2. Regus is able to use its scale to purchase efficiently in areas such as centre fit-
out, telecoms, IT, office furniture.
A good illustration of Regus’ cost advantage occurred when Regus acquired MWB in 2013.
Regus was able to take out costs equivalent to over 10% of MWB’s revenue; essentially
MWB was operating a UK business half the size of Regus but with the same overhead.
The valuation for Regus is interesting because the true value of the business is hidden by
the fact the new centres take 2-4 years to get to full profitability as they fill up. In a period
of faster expansion, the profitability of the existing “mature centres” is concealed by the
early year losses of the new centres. It is not difficult to identify this because the
company is reasonably explicit about the true cashflow of the centres which have been
open for more than two years. We made some reasonably conservative judgements on
occupancy rates going forward, even assuming that the new centres opened in the last
two years only ever achieve 78% occupancy (a level it’s mature centres only briefly fell to
during the credit crunch) and found that we were able to invest in Regus on a single figure
multiple of the cash the business will throw off from its current estate, i.e. the business is
investable without further growth. But Regus is growing quickly: it continues to find high
return on capital growth opportunities throughout the world. The business is able to
redeploy its cashflow with a 20-25% return on capital.

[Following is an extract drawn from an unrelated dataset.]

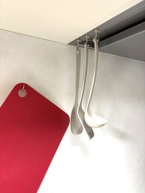 もう一点、BEFOREを拝見して感じていたこと。以前はラックだったのでS字フックでエプロンや布巾などを「掛けて」お使いでした。今回は掛ける場所がなくなってしまいます。そのため壁のキッチンパネルをマグネット対応にし、さらにゴミ箱の後ろにも1枚パネルを追加して貼りました。

We wrestled for a long-time with the cyclicality of the business. Profits fell by 75% in the
period from 2008 to 2010 and in the UK and EMEA, profits were virtually wiped out. We
learned that by 2008, the SPV structure had only been rolled out in the US, where profit
declined by around 50% and recovered quite quickly thereafter. The US experienced
some extreme rental price movements during the credit crunch, but Regus was able to
manage its relationships with the property owners to ensure that it did not take the full
hit of these market conditions – Regus was unable to do this in the UK where most of the
leaseholds were still recourse to the Group. The SPV structure is now in place across 90%
of its portfolio of centres. A 50% profit drop at the bottom of the cycle implies we are
investing at a high teens multiple of the cyclical low point – this is comfortable,
particularly for a business which we believe will be able to continue to grow with a 20%+
return on capital.
It is worth touching briefly on Regus’ history to explain why we think the issues the
company faced in 2000-2003 are unlikely to happen again. Mark Dixon’s initial foray into
serviced offices took little risk. He would take excess space from landlords with no
commitment and sell it on short leases with a services overlay. It was popular with both
tenants and the landlord. By 2000, the business had matured and in order to feed the
voracious appetite of venture funded Dot Com start-ups, the company had built out its
portfolio with multi-year lease obligations. When the bubble burst, Regus found that its
tenant base was largely made up of unprofitable companies many of which went bust.